To install obliquetree, use the following pip command:

pip install obliquetree

Key Features

  • Oblique Splits
    Perform oblique splits using linear combinations of features to capture complex patterns in data. Supports both linear and soft decision tree objectives for flexible and accurate modeling.

  • Axis-Aligned Splits
    Offers conventional (axis-aligned) splits, enabling users to leverage standard decision tree behavior for simplicity and interpretability.

  • Feature Constraints
    Limit the number of features used in oblique splits with the n_pair parameter, promoting simpler, more interpretable tree structures while retaining predictive power.

  • Seamless Categorical Feature Handling
    Natively supports categorical columns with minimal preprocessing. Only label encoding is required, removing the need for extensive data transformation.

  • Robust Handling of Missing Values
    Automatically assigns NaN values to the optimal leaf for axis-aligned splits.

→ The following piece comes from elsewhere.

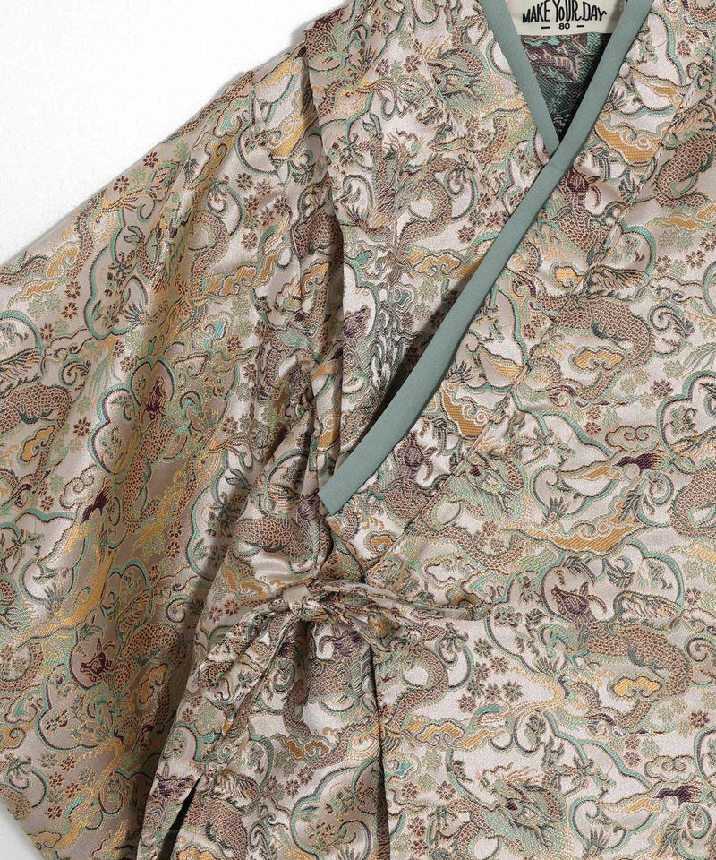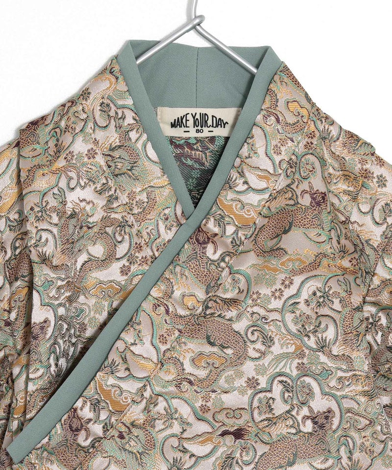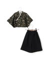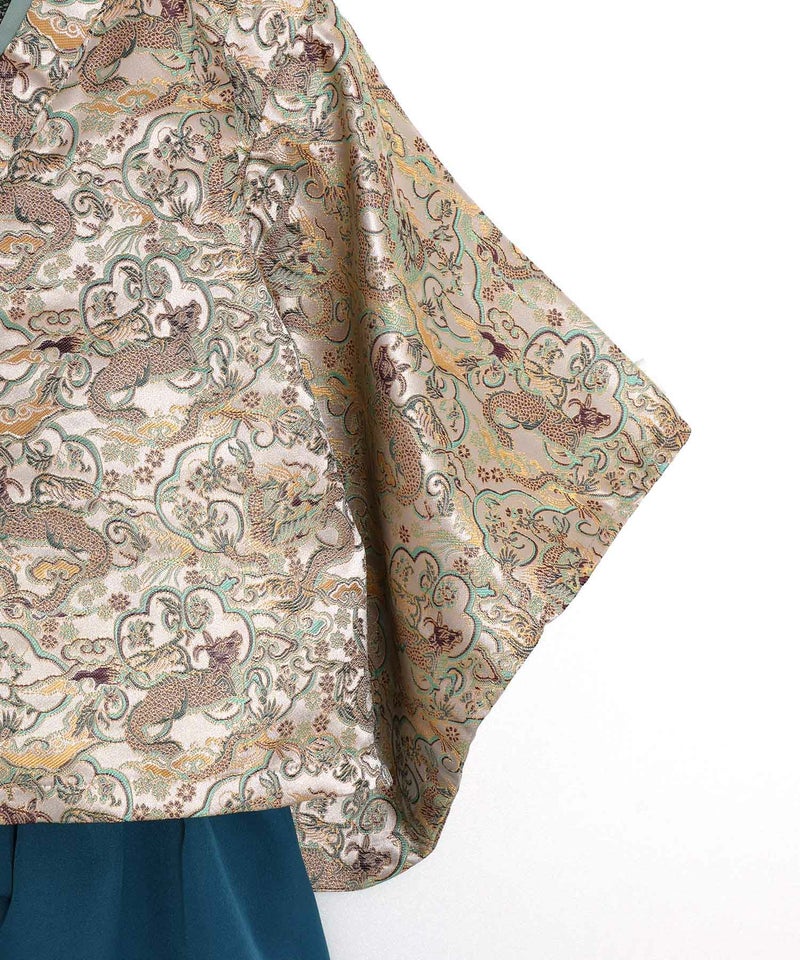 落ち着いた大人っぽい和柄の羽織と、十文字の前紐がかっこよく、まるで大人の袴を着せているようなデザイン。
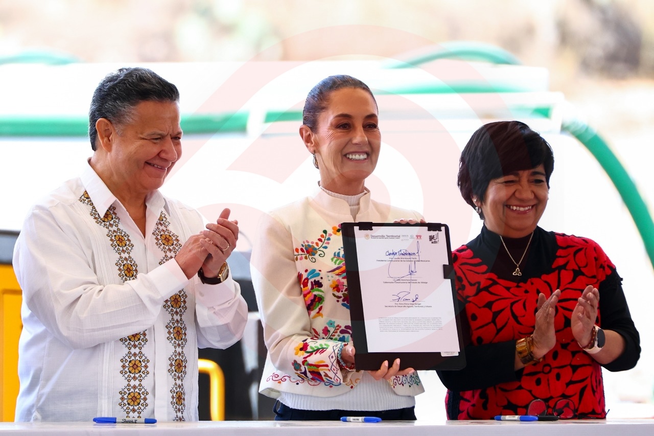 San Agustín Tlaxiaca, Hgo.- En reconocimiento al derecho humano de poder acceder a una vivienda digna, la presidenta de México, Claudia Sheinbaum Pardo, y el gobernador Julio Menchaca encabezaron la firma del convenio y el banderazo de arranque del programa federal “Vivienda para el Bienestar”.

  • Customizable Tree Structures
    The flexible API empowers users to design their own tree architectures easily.

  • Exact Equivalence with scikit-learn
    Guarantees results identical to scikit-learn’s decision trees when oblique and categorical splitting are disabled.

  • Parallel Split Search Utilizes OpenMP-based parallelism during tree construction to evaluate splits in parallel across features, enabling significant speedups on multi-core systems.

  • Optimized Performance Outperforms scikit-learn in terms of speed and efficiency when oblique and categorical splitting are disabled:

    • Up to 600% faster for datasets with float columns.

    • Up to 400% faster for datasets with integer columns.

    Performance Comparison (Float)

    Performance Comparison (Integer)